→ Task item: Give all of the data again exactly as written, omitting every image.

→ Input data:

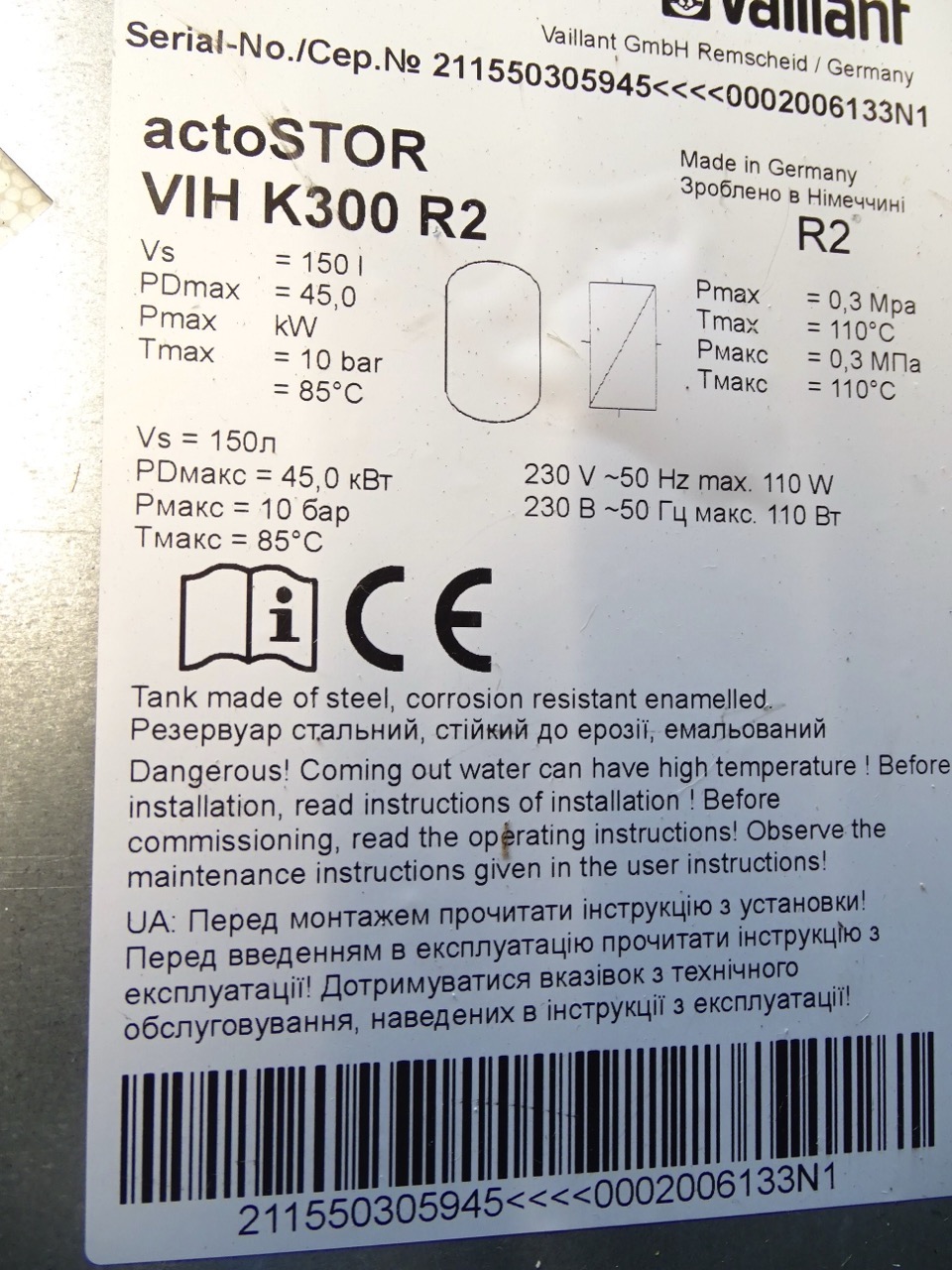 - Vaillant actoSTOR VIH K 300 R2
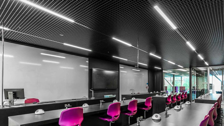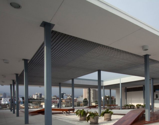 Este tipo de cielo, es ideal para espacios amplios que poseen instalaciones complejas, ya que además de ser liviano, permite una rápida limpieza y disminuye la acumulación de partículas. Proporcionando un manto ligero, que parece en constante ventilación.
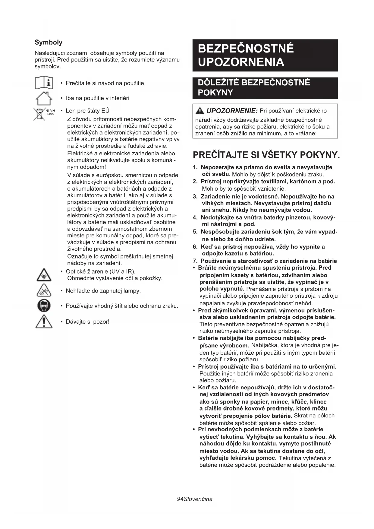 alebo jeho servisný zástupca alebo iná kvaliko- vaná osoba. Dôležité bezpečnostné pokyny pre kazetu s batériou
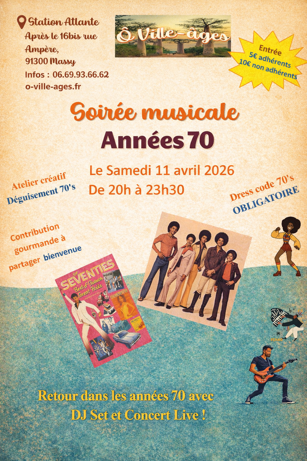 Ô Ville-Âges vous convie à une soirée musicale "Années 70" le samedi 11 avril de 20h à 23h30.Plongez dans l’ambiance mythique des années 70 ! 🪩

→ Answer box:
 - Vaillant actoSTOR VIH K 300 R2
 Este tipo de cielo, es ideal para espacios amplios que poseen instalaciones complejas, ya que además de ser liviano, permite una rápida limpieza y disminuye la acumulación de partículas. Proporcionando un manto ligero, que parece en constante ventilación.
 alebo jeho servisný zástupca alebo iná kvaliko- vaná osoba. Dôležité bezpečnostné pokyny pre kazetu s batériou
 Ô Ville-Âges vous convie à une soirée musicale "Années 70" le samedi 11 avril de 20h à 23h30.Plongez dans l’ambiance mythique des années 70 ! 🪩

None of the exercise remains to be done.